Dos 15 temas listados para a edição de 2015, nenhum pareceu abordar mudança climática, fome mundial, desigualdade entre ricos e pobres, problemas migratórios. A julgar pelos títulos, que são listados por ordem alfabética para evitar interpretações de prioridade, o foco maior se concentrou em questões relacionadas a guerras, como “Armas químicas”, “Rússia”, “Segurança cibernética”, “Terrorismo”.

Por mais genéricos que pretendam ser, os temas divulgados conseguem apresentar surpresas intrigantes. “A privacidade existe?”, por exemplo, foi tema debatido na edição de 2014, realizada num hotel de Copenhagen aprisionado por uma cerca dupla de três metros de altura, com participação de representantes da National Security Agency e Google, entre outros.

A presença da Google no conclave tem crescido bastante, por sinal. Além do chefão Eric Schmidt, que integra o Comitê Organizador da conferência, participaram dois vice-presidentes da empresa, sendo que o nome do departamento de um deles inquietou o bem-humorado repórter do “Guardian”: Google DeepMind.

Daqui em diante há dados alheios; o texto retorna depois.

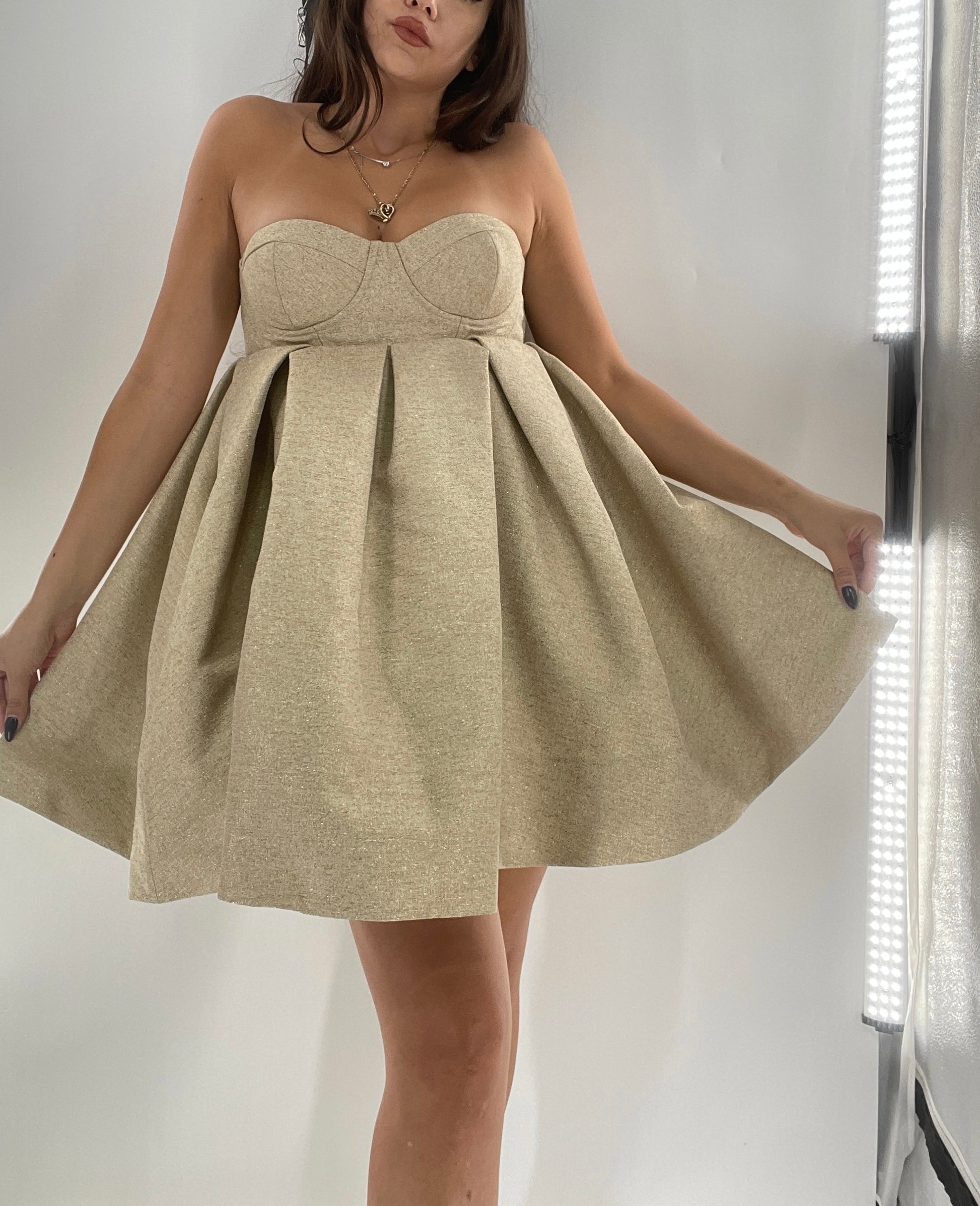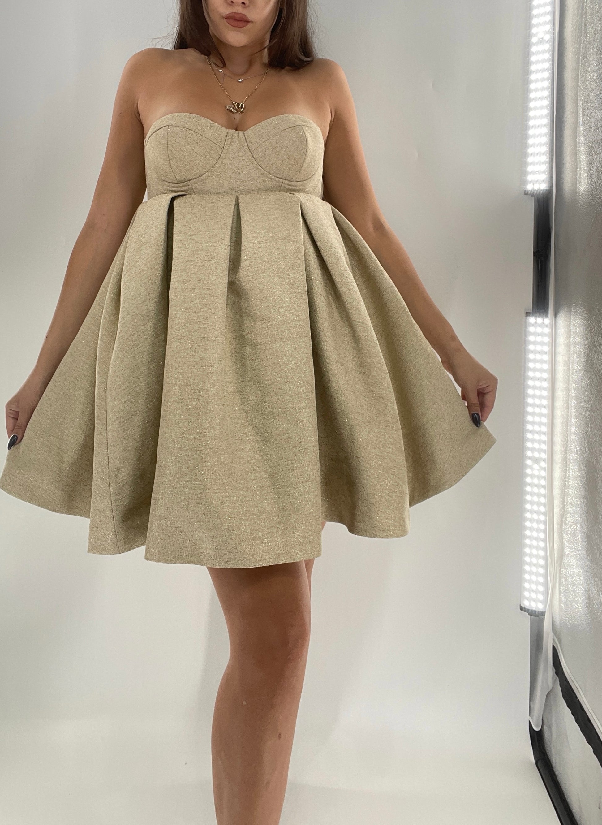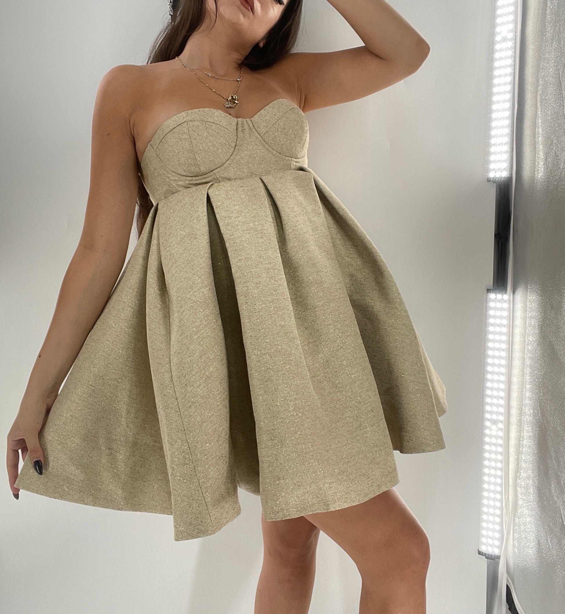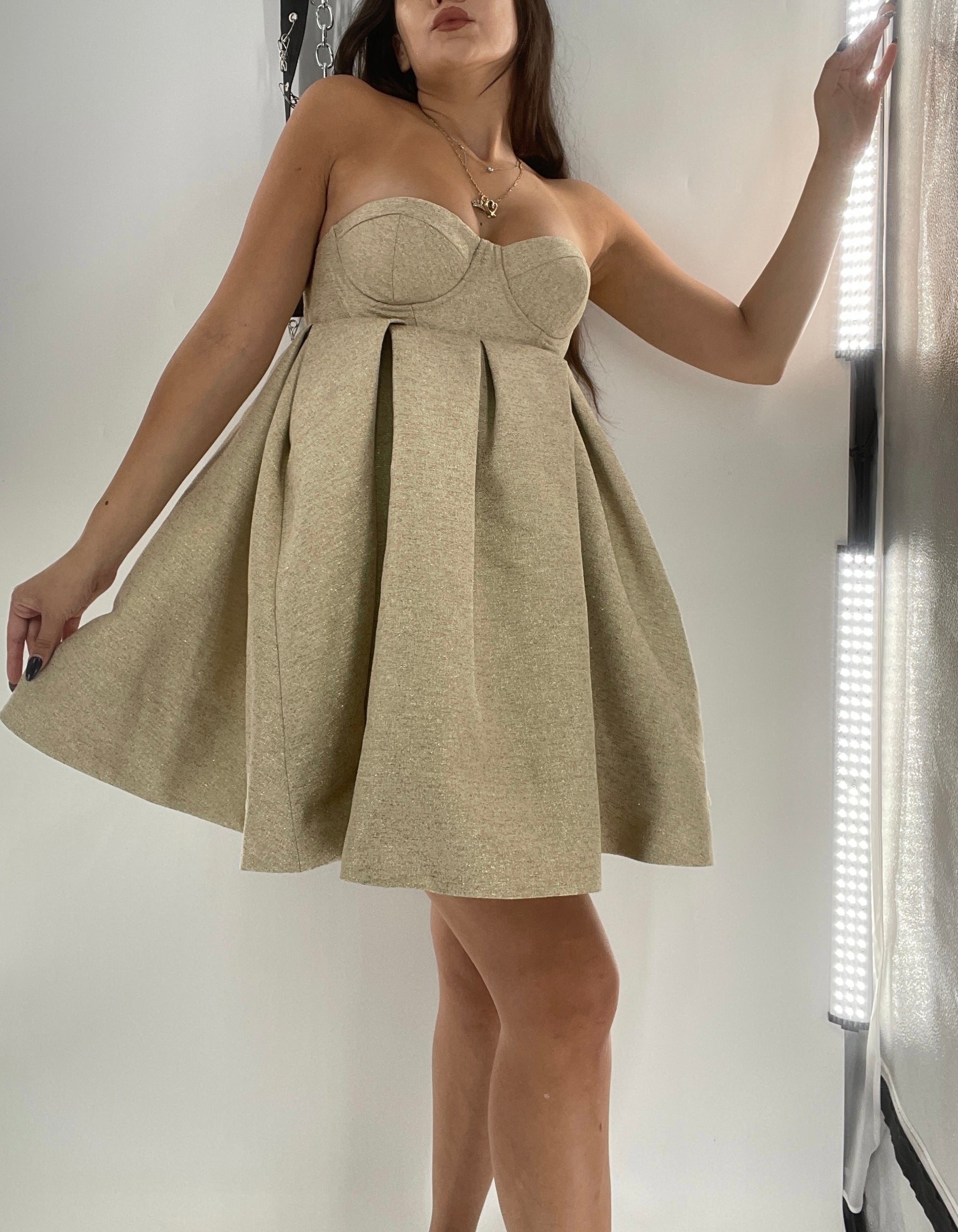 House of CB Gold Glitter Poof Mini Dress with Built in Corset (Small) |

Não são poucos os conspiromaníacos que consideram o Bilderberg uma sociedade secreta com planos de comandar o planeta e instituir uma nova ordem mundial. Mesmo que não seja essa tribo a fazer o clube da não transparência mudar de modus operandi, a marcha da História se encarregará de encontrar agentes confiáveis para fazê-lo.